The rapid development of urbanization in China creates huge energy saving potentials for public buildings. The energy consumption rates of large public buildings (LPB) are significantly higher than other types of buildings. The floor areas of LPBs, with a value of more than 20000m2, may account for only 4% of the total floor area in urban, while the energy consumed can reach 20% of that for all the urban buildings, and the energy intensity can be about ten to fifteen times of ordinary buildings. Meanwhile, government invested welfare buildings (GIWB) present substantial demonstration effects in green building construction. It is therefore urgent to promote green building construction from LPB and GIWB, which will play an important exemplary and leading role in the construction of green buildings nationwide.
To fulfill the requirements of the Action Plan of Green Building from Ministry of Housing and Urban-Rural Development of the People’s Republic of China (MOHURD) transmitted by the General Office of the State Council and the Implementation Opinions for the Rapid Development of Green Building in China, this project conducted extensive investigations on the implementation status of green LPBs and GIWBs, and then proposed the general objectives for the development of green building in the next several years. To achieve these goals, detailed developing paths were formulated in order to effectively promote the compulsory execution of green building construction, with supplementary measures for process supervision and security management. In the end, the entire research results were presented in the form of a legislative draft for the enforcement of green LPB and GIWB construction.

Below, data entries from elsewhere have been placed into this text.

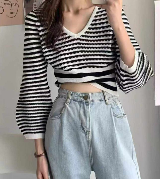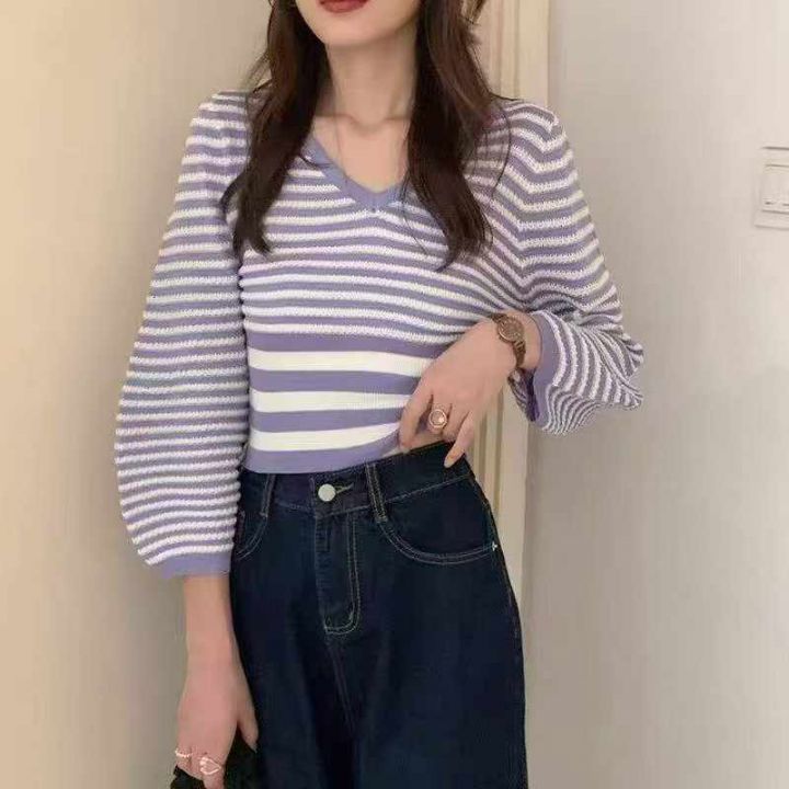 秋季新品撞色条纹宽松慵懒风短款针织V领套头毛衣,独...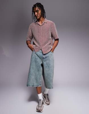 ASOS DESIGN longer length denim jort in acid wash with pleat detail-Green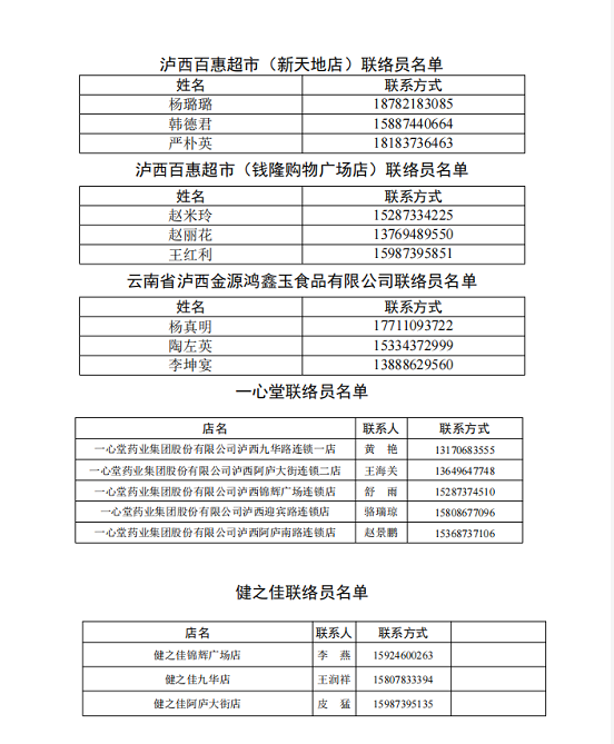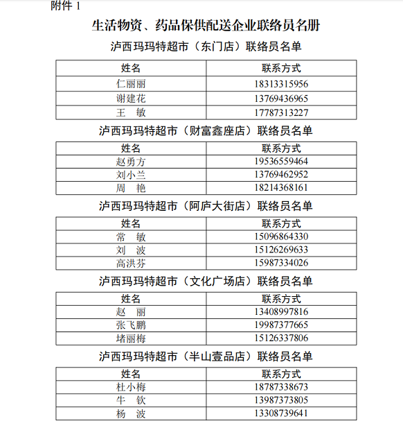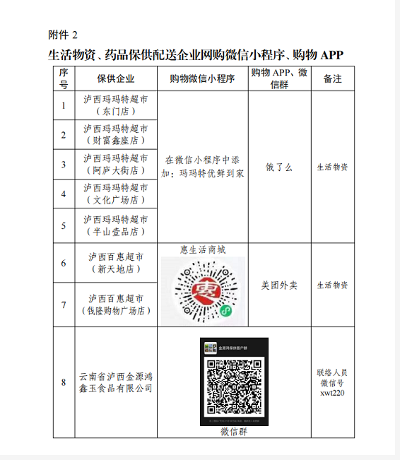 为进一步做好疫情期间生活物资供应保障工作,高效、精准、科学完成配送任务,确保县城区物资供应通畅,县应对疫情工作领导小组指挥部结合片区网格化管理实际,制定本供应方案,现通告如下。原则上按照就近、方便的原则指定相应的超市进行物资配送,减少人员跨片区流动。具体划分如下:(一)泸西玛玛特超市(东门店)负责配送:焰山社区(1—6网格)、新华社区(1—14 网格)、泸东社区(1—5 网格)、民主社区 12 网格。(二)泸西玛玛特超市(财富鑫座店)负责配送:钟秀社区(1—15 网格)、民主社区(2—11、14 网格)。(三)泸西百惠超市(新天地店)负责配送:长安社区(1—19 网格)、民主社区(1、13 网格)、胜利社区(18 网格)。(四)泸西百惠超市(钱隆购物广场店)负责配送:桃笑社区(1—13 网格)、石洞社区(1 网格)、胜利社区(1、4、5网格)。(五)云南省泸西金源鸿鑫玉食品有限公司负责配送:迎宾社区(1—14 网格)。(六)泸西玛玛特超市(阿庐大街店)负责配送:胜利社区(2、3、6—17 网格)。(七)泸西玛玛特超市(文化广场店)负责配送:瓦窑社区(1—12 网格)、阿庐社区(1—8 网格)。(八)泸西玛玛特超市(半山壹品店)负责配送:瓦窑社区(13—16 网格)、阿庐社区(9—17 网格)。(一)生活物资。保供片区责任企业上一天 18 时前在购物微信小程序、美团外卖、饿了么 APP 或客户微信群推送第二天的基本生活物资种类及价格。客户在微信小程序、APP 或微信群完成下单支付,保供责任企业进行配货。注:企业配货人员应标注好住户地址、姓名、联系方式等基本信息方便配送。(二)药品。客户可通过美团外卖、饿了么 APP 选择距住所最近的指定药店下单订购。(一)各保供企业指定专人按地址进行配送,配送至卡点物资存放处(各值守点根据实际地点进行合理设置)联系住户领取物资,特别注意:物资交接时不得直接接触,同时配送员必须对物资外包装进行消毒。(二)配送企业当日接单,于次日进行配送。配送企业接单时间为:8∶00 时至 20∶00 时止。(三)片区内无法使用手机进行支付的特殊人群,由该片区对应网格长帮忙下单购物。(四)配送人员相对固定,开展每日一次的核酸检测,核酸结果正常方可开展配送工作。在配送过程中,需穿戴隔离服、N95 口罩、橡胶手套,原则上不得跨片区配送。原则上住户一次下单能满足 2—3 天基本生活物资的量。在各企业推送的微信小程序、美团外卖、饿了么 APP、微信客户群上进行线上下单、线上支付,不能实现网络购物的住户报片区网格长协调处理。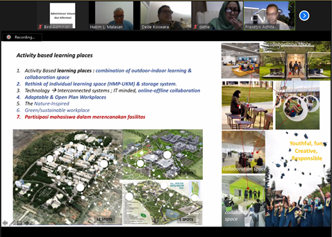 Presented by the Director of Student Affairs ITB, Dr. G. Prasetyo Adhitama S.Sn ,. M.Sn., making facilities / gathering places to study, discuss, collaborate, with complete facilities (co-working space) is one of the potential for cooperation besides scholarship and internship programs. It becomes interesting, because this co-working space can be a partnership that has “legacy” values. By involving students in designing and designing, it is hoped that the campus atmosphere will be more lively on the three campuses, namely Ganesha, Jatinangor, and Cirebon.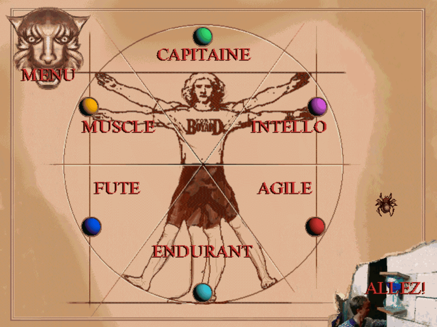 Fort Boyard: The Challenge is an adventure, action/reflex, puzzle video game for MS-DOS, created and published by Microïds in 1995. This game will transport you into the heart of a foreboding island fortress and one of the world's most celebrated TV game shows. 1 to 6 players per team meet the challenge of the Fortress and its inhabitants. Each puzzle is prefaced by a required skill, allowing a team of players to select the most skilled from the ranks. These skills are Clever, Tough, Agile, Sharp, Strong, and Captain. Puzzles are chosen randomly so no game plays exactly the same twice.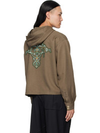Woven hoodie. · Four-button placket · Topstiched panel at chest · Buttoned kangaroo pocket at waist · Embroidered logo at buttoned cuffs · Chain-stitched graphic at back Supplier color: Sepia 100% polyester. Made in Bulgaria 252985M202000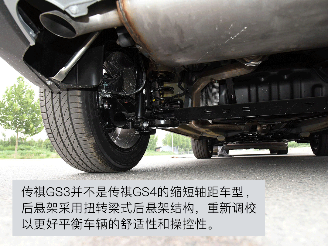 从外观上看,传祺GS3并不全是传祺GS4底盘缩短轴距后的产物,尽管设计风格毅然非常相似,不过尺寸小一号,同时机械方面也有所不同,定位为小型SUV。两款车型的起售价相差两万多,当中价格自然有重叠,传祺GS3的顶配车型相当于传祺GS4 1.3T自动挡最低配车型,定价还是比较合理。传祺GS3和GS4两款车型最大的区别就在于底盘和动力方面,更小号的GS3采用了扭转梁式后悬架结构,与GS4采用的多连杆后悬架完全不同,造成这样的差异当然就是两款车的定位以及造车成本有关,亮点在于GS3采用更多的轻量化设计,调校都比较均衡,更顾忌到了舒适性。动力方面,传祺GS3则多了1.5L自然吸气发动机的选择,不过相信消费者更倾向于1.3T的发动机版本,能提供更充沛的动力。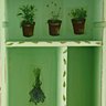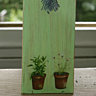 Enlever les 2 couches de cellulose d’une serviette en papier à motifs d’herbes aromatiques. Découper les motifs, poser le vernis colle sur le bois puis coller le motif en repassant le vernis par-dessus. Finaliser en tapotant légèrement avec une petite brosse pochoir.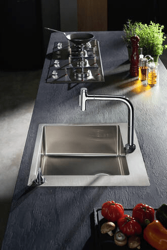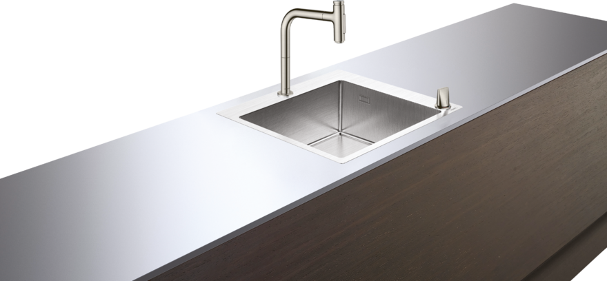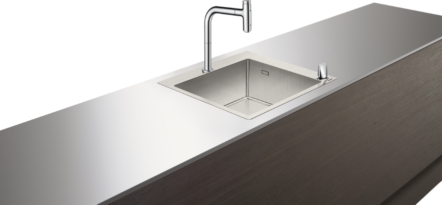 Новые комбинации HANSGROHE – это решение для современной кухни, объединяющее мойку и смеситель, интуитивное управление и высокие технологии. Кухонные комбинации Hansgrohe были созданы совместно со знаменитой дизайн-студией Phoenix Design (Штутгарт). В их состав входит мойка из качественной нержавеющей стали, смеситель и элемент управления, sBox, система слива, крепежные элементы и соединительный шланг. Это законченное решение, которое можно сразу устанавливать на столешницу. Геометричные формы, чуть скругленные углы придают мойкам стильный внешний вид и упрощают уход за ними. Широкая окантовка – узнаваемый элемент дизайна – предлагает дополнительную возможность: место для размещения смесителей на 2 отверстия, где рукоятка управления расположена на передней части мойки.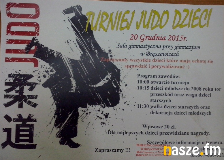 Turniej judo dla dzieci odbędzie się w najbliższą niedzielę w sali gimnazjum w Brąszewicach. W zawodach mogą wziąć udział już kilkuletnie maluchy.

At the beginning, the research team conducted extensive and thorough investigations in several cities about the energy consumption, building status, implementation of green building, and the difficulties encountered in green building promotion. It is found that because of the specific structures and applications of LCBs, the energy intensity of LPBs is about 2 to 3 times of ordinary public buildings and about five times of residential buildings, and the energy consumption per unit area is 10 to 15 times of residential buildings. With the rapid development of economy and improvement of people’s living quality, the scale of LPBs and GIWBs will be increasingly larger, which may result in significant augmentation in building related energy consumption and energy intensity. It is therefore of paramount urgency to promote the construction of green LPBs and GIWBs.